One workaround is if the event organiser has a resale strategy, he notes, which enables ticket holders to “feel more secure knowing that they have an easy pathway to recoup their funds if they can’t make the rescheduled date, and they’re therefore more likely to hold their ticket versus immediately requesting a refund.”



Despite the hardships of the past two years, Australia’s music community got a welcome boost when Anthony Albanese’s Labor Party seized power at the May 21 federal election, booting out a Liberal government that was largely tone-deaf on issues relating to contemporary music.

Albanese and his arts minister, Tony Burke are live music fans and both made their way through the mud at Bluesfest 2022. Burke will be expected to work with the music industry on a three-point plan and has made a commitment on a national insurance system

for those live events scrubbed by the pandemic. He has also pledged to work on a national solution to protect consumers and the industry from ticket scalping, which remains a problem.



Viagogo, for years the scourge of the local live industry, is currently the focus of an investigation for “possible breaches” of Western Australia’s Ticket Scalping Act.

The state’s anti-scalping laws came into effect on 10 September 2021, making it illegal to resell a ticket to WA concerts and events for more than 110% of its original price. The government was tipped off by consumers on steep mark-ups for Billie Eilish and Justin Bieber concerts, among other shows.

“At least 10% of ticketholders aren’t showing up to the concerts, which affects spend for bar, merch, and can result in overstaffing”

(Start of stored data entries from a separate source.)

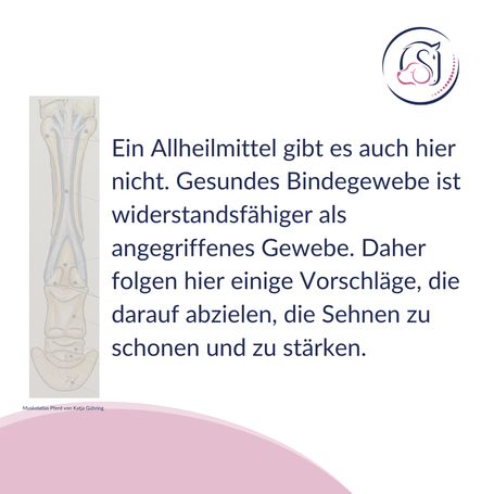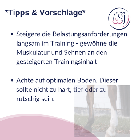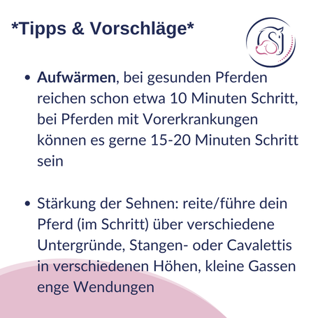 - Stärkung der Sehnen: reite/führe dein Pferd (im Schritt) über verschiedene Untergründe, Stangen- oder Cavalettis in verschiedenen Höhen, kleine Gassen enge Wendungen
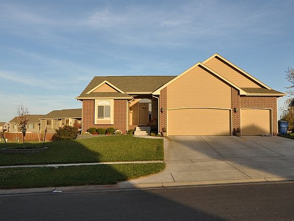 Super Ranch home in desirable Park Hill Addition to Derby. This 5 bedroom, 3 bath home is beautiful from the street and just as appealing inside! Step into the entry and you will find an open living, dining, and kitchen space perfect for your family and entertaining. This is the popular split bedroom plan with two bedrooms and bath on the north side of the home and the spacious master bedroom and private bath on the south side off the kitchen. The kitchen is large and well equipped with all appliances remaining, granite countertops, cherry cabinets, plus a nice sized pantry! You'll love having a main floor laundry complete with washer/dryer. There is an eating bar as well as large dining area with bayed window and access to the upper deck. The basement is fully finished and light-filled space with view-out windows, large L-shaped family room, two additional bedrooms, and full bath. Plenty of unfinished storage as well in the basement! Spacious yard with sprinklers and plenty of space for the family to enjoy outdoor living this Summer! This home shows beautifully and the location is perfect for walking to Park Hill Elementary and Garrett Park. Call for your private tour today before this nice home SELLS!
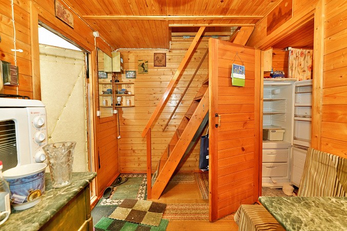 Дом на ленточном фундаменте, каркасный, утеплен. На 1 этаже одна комната и кухня. На 2 этаже 1 комната.
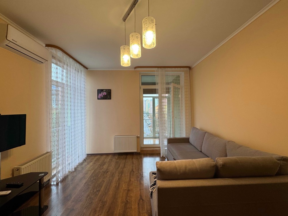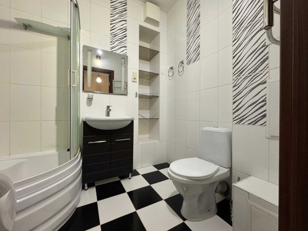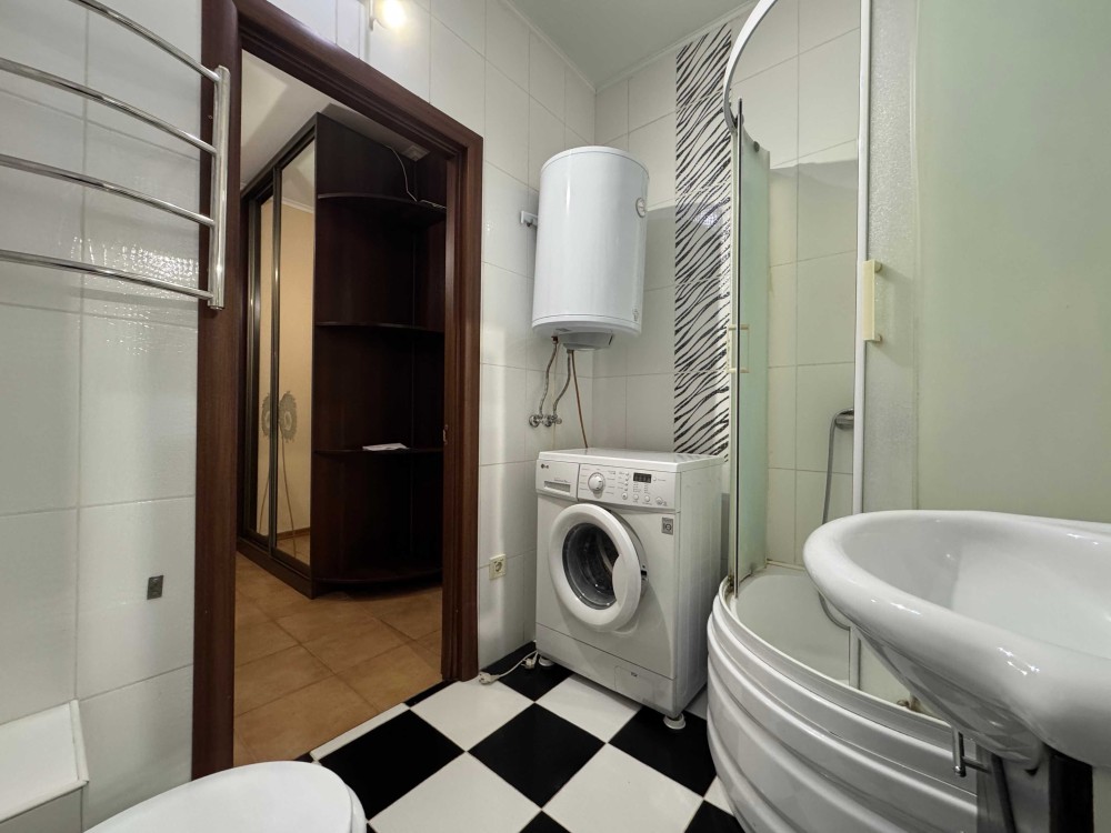 В квартирі є вбудована шафа для одягу. Всі необхідні меблі і побутова техніка (кондиціонер, пральна машина, бойлер, холодильник, телевізор).

The pandemic has also coughed up several new dilemmas. Late sales, no shows, and critical staff shortages are some issues that are affecting Australia’s live business.

Michael Chugg, the chairman of Chugg Entertainment, part of the Mushroom Group, and a member of the senior leadership team at Frontier Touring, admits there’s “probably too much” inventory in over spring and summer, “but all of our tours are selling well.” Though, he adds, “At least 10% of ticketholders aren’t showing up to the concerts, which affects spend for bar, merch, and can result in overstaffing.”

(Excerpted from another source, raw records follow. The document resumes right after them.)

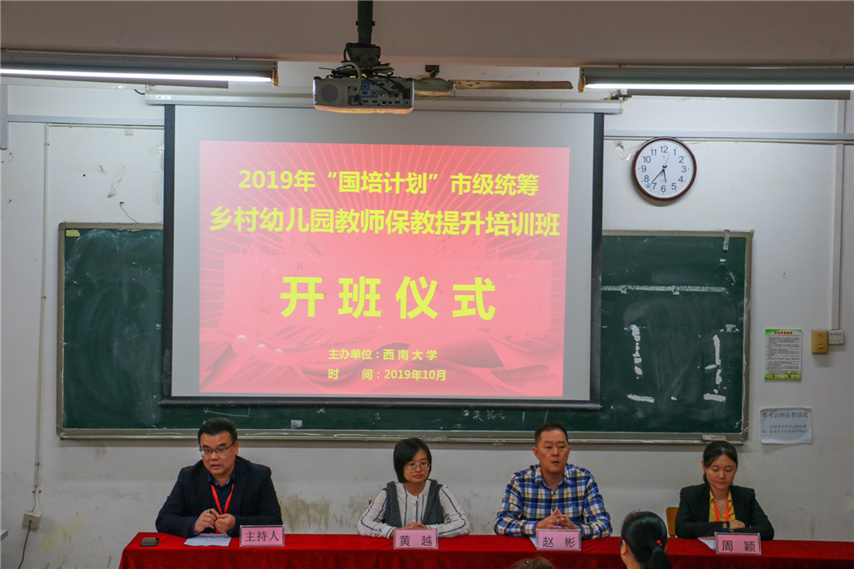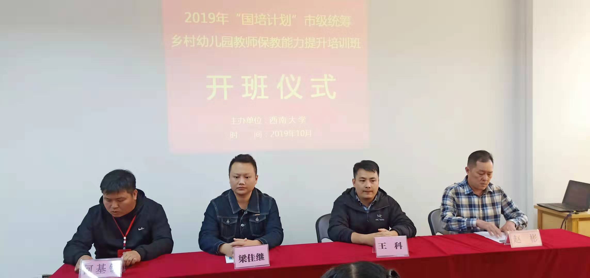 10??月28日???,?由西南大學(xué)網(wǎng)絡(luò)與繼續(xù)教育學(xué)院主辦、柳州市育才職業(yè)培訓(xùn)學(xué)校承辦,為期2天的2019?????年???“?????國?????????培?????計?????劃???”?????市?????????級?????統(tǒng)?????????籌????鄉(xiāng)村幼兒園教師保教能力提升培訓(xùn)班在?????桂林順利?????開?????????班???,????????柳州市教師培訓(xùn)與學(xué)生素質(zhì)教育中心梁佳繼老師,集團(tuán)聯(lián)合黨委委員、西南大學(xué)網(wǎng)絡(luò)與繼續(xù)教育學(xué)院教師培訓(xùn)中心王科老師???,集團(tuán)聯(lián)合黨委委員、培訓(xùn)學(xué)院副院長趙彬以及來自柳州市、縣各機(jī)關(guān)幼兒園精心選拔的30名拔尖青年幼兒教育專業(yè)的優(yōu)秀教師參加了開班儀式,儀式由培訓(xùn)學(xué)院何基鋮老師主持。
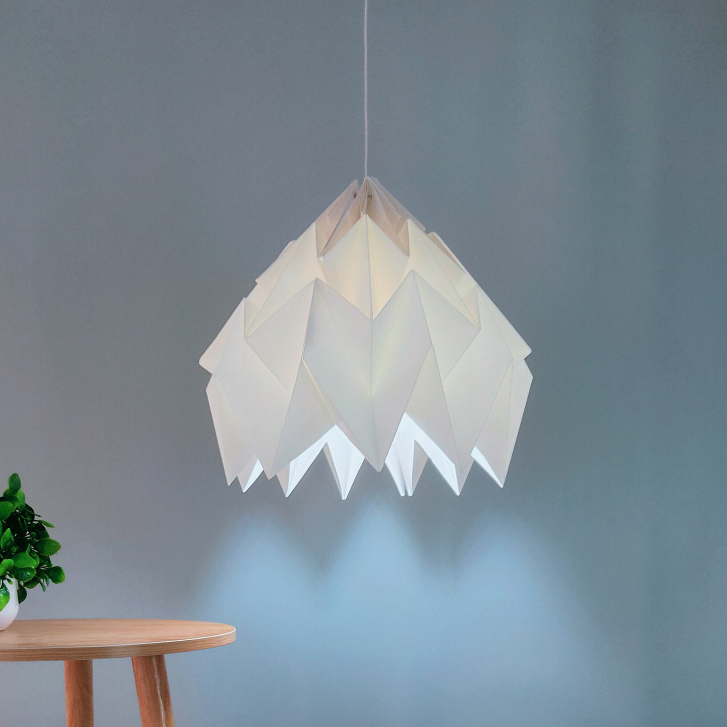 This origami paper lamp refers to the nordic minimalist and the tradition of Japanese origami art.With clear structures and patterns, very pretty as ceiling light close to or on the ceiling.
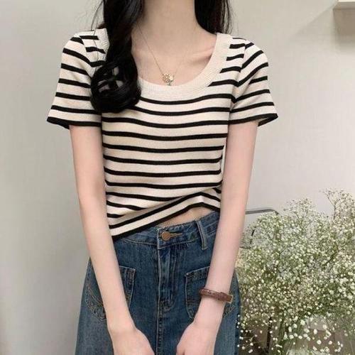 Asure 1+1 간절기 여성 니트 스트라이프 반팔 티셔츠

Though rogue agents still operate, technology has made the ticketing experience close to seamless, says Gavin Taylor, MD of Ticketmaster Australia.

“The full-scale adoption of digital tickets has made a significant impact on the industry, providing the most convenient way for fans to receive and transfer their tickets,” he tells IQ.

With the 100% adoption of digital ticketing, “our partners can engage with fans like never before, providing tailored communications, engagement, upsells, and unique experiences that really drive fan connection and satisfaction,” he continues.

“The full-scale adoption of digital tickets has made a significant impact on the industry”

Pricing tools and tech-powered insights can also be passed on to partners throughout the live music chain. Ticketmaster, part of Live Nation, continues to “push innovation,” Taylor notes, through partnerships with Snapchat and TikTok, to reach and engage with broader audiences. “We are also seeing how NFTs can add value to the fan experience by providing rewards for attendance and a digital keepsake to memorialise those amazing event experiences.”

In a quirk of the Australian market, legacy venue agreements see Ticketek and Ticketmaster together commanding the lion’s share of the ticketing market.

“With the increase in costs of living and the risk of potential lockdowns, people are being cautious with their spending”

It’s a situation, says Flicket co-founder and CEO Ben Calvert, that is driving promoters to pursue greenfield sites with limited restrictions. Flicket, he says, “doubled down” on investment in customer service and technology during the pandemic.

“With the increase in costs of living and the risk of potential lockdowns, people are being cautious with their spending and are delaying purchasing resulting in difficult forecasting for promoters and increased risk for the multitude of shows on offer,” he adds.

“This is why having an exclusive relationship with fans is more important and having flexibility with payment options is key.”